Наблюдения над стилистикой переписки Блока с женой обнаруживает резкий перелом после 1903 года (год свадьбы). Высокий романтический стиль ранних писем к 1906 году сменяется раскованным, фамильярным, домашним. Прежде всего это сказывается на номинации участников переписки, которая отражается и в обращениях, и в самоназываниях (Любовь Дмитриевна — Люба — милая — Буся — Бу — Заяц, Зайц, Зайчик — Зайчичек; Александр Александрович — Саша — милый мой — хозяин). Соотносимые именования «Заяц — хозяин» обнаруживаются в период написания стихотворения «Зайчик» (хотя, очевидно, возникли значительно раньше, просто совместное существование не предполагало переписки) и позволяют предположить, что у стихотворения двойная адресация — 1) массовый детский читатель и 2) жена поэта. Сохраняется весь семантический ореол «заячьей» темы, возникший еще в стихах Блока-ребенка, только теперь на первый план выходит мотив детскости. Достаточно прочесть записи Блока о «Любе» в дневниках и записных книжках, чтобы стало ясно, что он видит в ней то, чего не видели остальные: она ребенок, «маленькая» (самая частотная номинация, при том что во всех воспоминаниях ее описывают как высокую, статную и недобрую молодую женщину [Максимов 1999]). Номинация «заяц» характерна только для коммуникативных жанров — писем, записок, устного общения. В фонде Блока в РГАЛИ сохранились шуточные рисунки и шаржи: 1) рисунок, завершающий записку Блока к жене, с зайцем перед капустной грядкой и вырванной морковкой (в отдалении дремлет хозяин огорода); 2) шуточная иллюстрация к стихотворению о Канте «Сижу за ширмой. У меня такие тоненькие ножки…». По другую от «Канта» сторону ширмы — детская фигура (скорее — фигура девочки в коротком платье), но с заячьими ушами и с подписью строки из стихотворения: «Меня давно развлечься просят»; 3) рисунок «Как мы ездим в гости» (в коляску впряжен заяц, подгоняемый кнутиком седока в шляпе); 4) «Заячий аттестат» на трех языках (русском, французском и немецком); 5) записка:

 

Зайчичек малый,

Скушай просвирку,

Никуда не бегай,

Сиди в платочке,

Потряхивай лапочками,

Сожмись в комочек,

Занимайся тряпочками,

Кушай листочки,

Читай книжки и бумажки,

Дожидайся Сашки.

 

Шутливый «домашний» язык, частью которого были именования «заяц» и «хозяин», оказывается в переписке и в реальной семейной жизни Блоков неизменным средством, позволяющим уходить от драматического напряжения во взаимоотношениях.
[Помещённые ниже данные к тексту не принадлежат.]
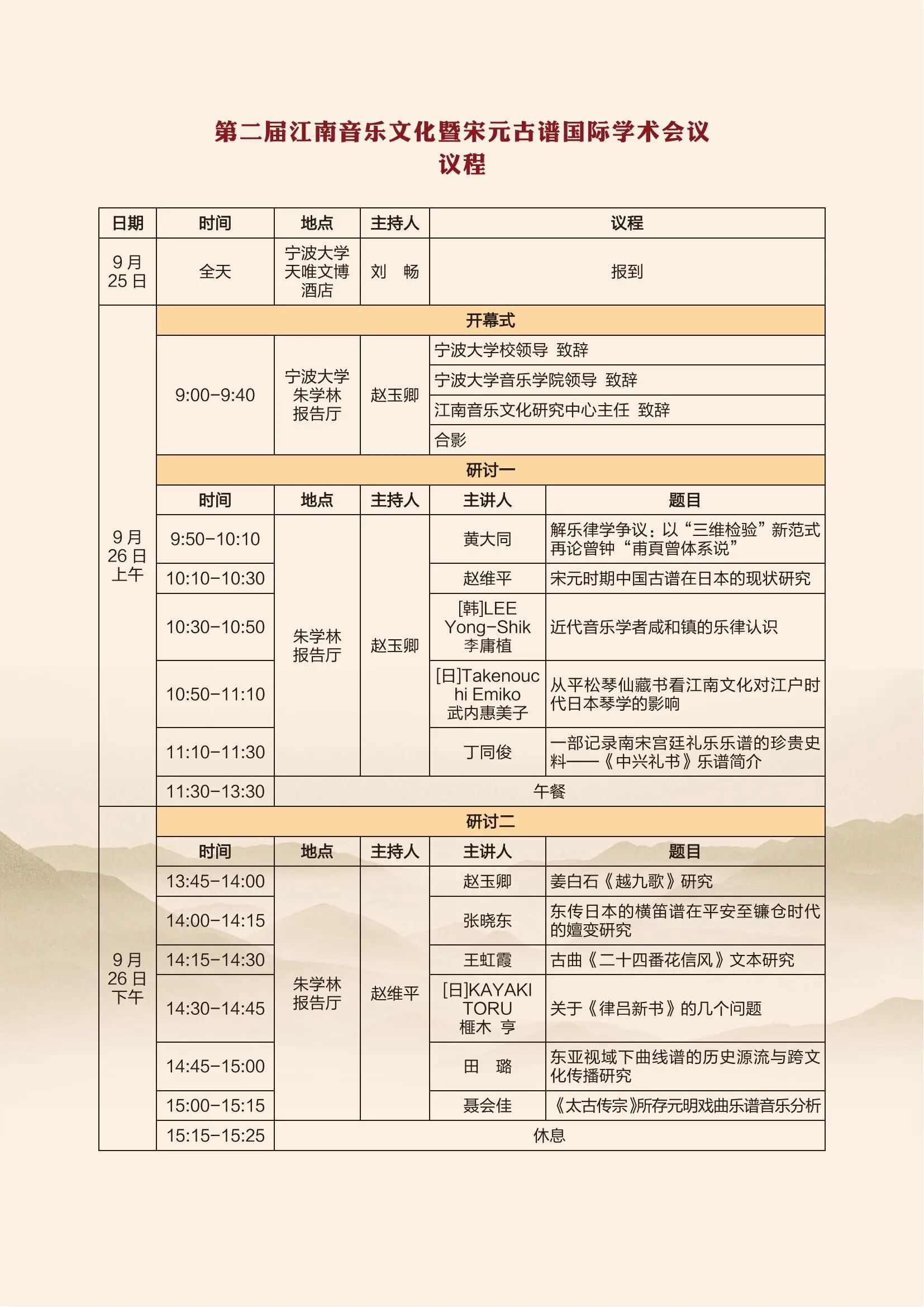 “第二届江南音乐文化暨宋元古谱国际学术会议”拟于2025年9月25-27日在捷克论坛 举行。本届会议将围绕江南音乐文化、宋元古谱等学术研究新成果进行交流和研讨。

Так, в 1907 году, в период первого после свадьбы серьезного увлечения Блока актрисой Н.Н. Волоховой, начавшегося еще в 1906-м, сказавшегося и в личных взаимоотношениях, и в трансформации структуры всего автобиографического сюжета в творчестве, вплоть до появления второй героини в лирике и драматургии, Л.Д. Блок — также впервые — уезжает одна в Шахматово. Переписка свидетельствует, что домашний язык сохранен, а значит, сохраняется и возможность продолжения общей жизни. Л.Д. — по-прежнему «заяц Бу», «зайчичек» и «заяц», Блок — по-прежнему «хозяин»: «И немножко мне как-то не по себе и тревожно, что ты одна и не со мной. — Ничего, что ты, маленькая Люба, лентяй и глупый — у тебя щечки потолстеют и порозовеют. Ты самый, самый настоящий маленький заяц Бу»[3]. «Пока болят лапки, заяц сидит дома и занимается шитьем. Очень их лечит, чтобы с хозяином бегать. Ждет хозяина, уши навостряет»[4], — ср.: «Лапки наступают / На желтые листочки. <…> Очень неприятно / По воде ступать».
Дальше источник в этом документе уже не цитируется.